What needs to be done => Repeat only these lines, exactly: the first line of the data, the line containing "LOVE WITH HEART STUD EARRINGS-ZIRCONIA", and every line between them. Pictures stay out.

Data provided =>

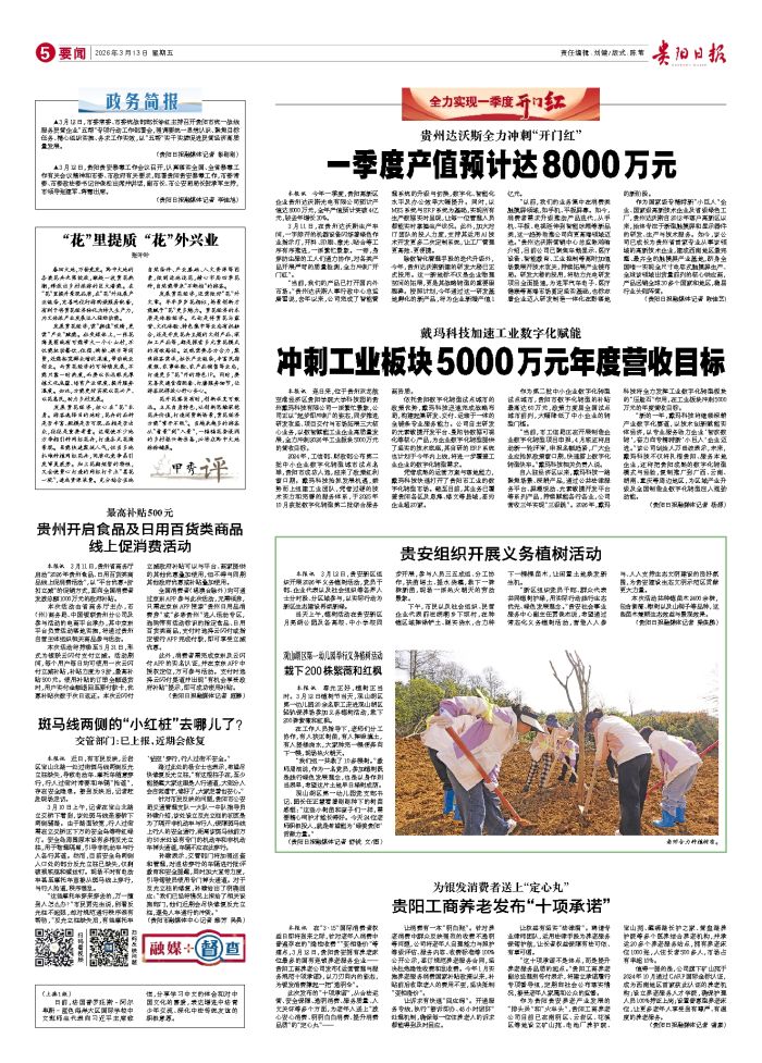 本报讯 3月12日,贵安新区组织开展2026年义务植树活动,党员干部、企业代表以及社会组织等各界人士分时段、分区域参与,以实际行动为新区生态建设再添新绿。 当天上午,植树活动在贵安新区
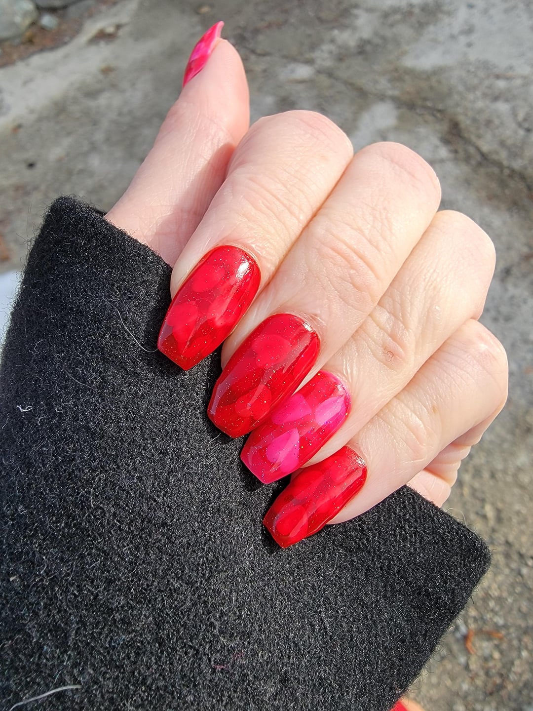 Pink nails: hand painted heart Holo Taco Left on Red, coat Cirque Colors Rose Jelly, hand painted heart Holo Taco Not Milky White, coat Cirque Colors XOXO jelly, Holo Taco Scattered Holo Taco, coat Cirque Colors XOXO Jelly… I switched jelly colors cause I didn’t like the look with rose
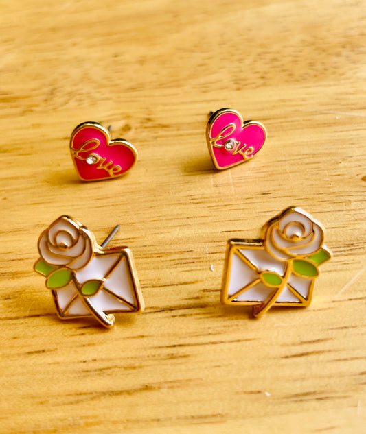 LOVE WITH HEART STUD EARRINGS-ZIRCONIA
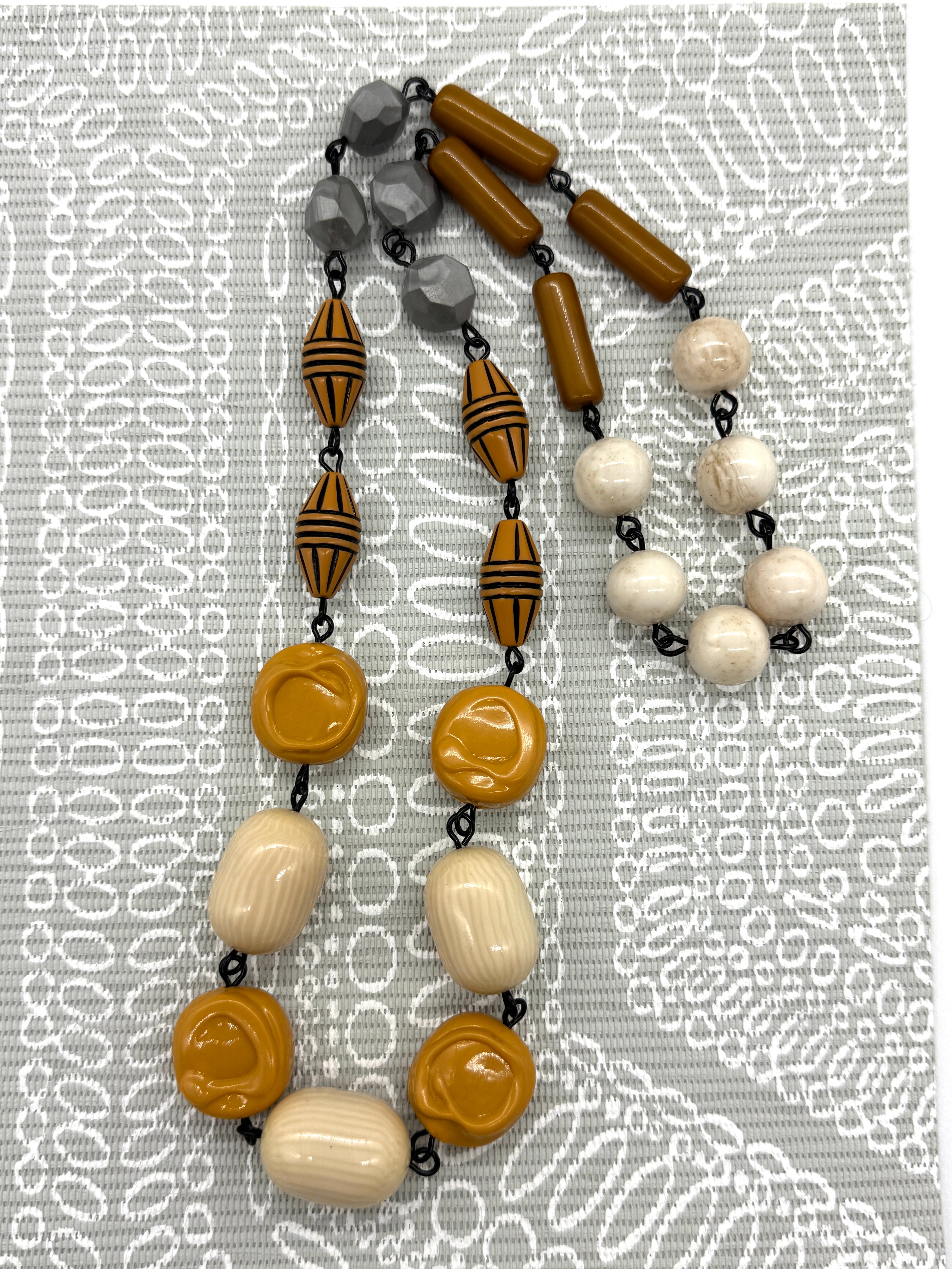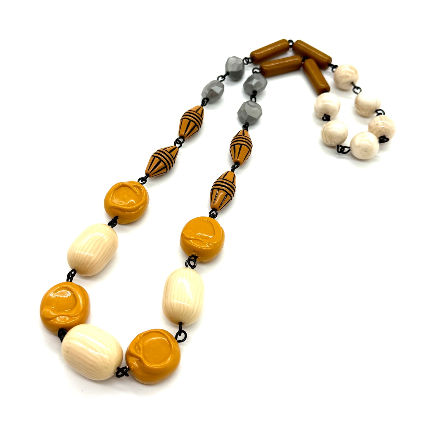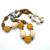 The Sun-Baked Stripe Carmen Necklace is a wearable ode to retro kitchens, sunlit pottery studios, and mid-century color palettes. Featuring a perfectly mismatched lineup of golden yellow swirls, creamy vanilla ridges, cocoa-striped beads, soft greys, and glazed ivory rounds — each bead is vintage and full of character. Hand-wired on blackened brass for contrast, this necklace brings sunshine and nostalgia in equal measure.

Exercise answer =>
 本报讯 3月12日,贵安新区组织开展2026年义务植树活动,党员干部、企业代表以及社会组织等各界人士分时段、分区域参与,以实际行动为新区生态建设再添新绿。 当天上午,植树活动在贵安新区
 Pink nails: hand painted heart Holo Taco Left on Red, coat Cirque Colors Rose Jelly, hand painted heart Holo Taco Not Milky White, coat Cirque Colors XOXO jelly, Holo Taco Scattered Holo Taco, coat Cirque Colors XOXO Jelly… I switched jelly colors cause I didn’t like the look with rose
 LOVE WITH HEART STUD EARRINGS-ZIRCONIA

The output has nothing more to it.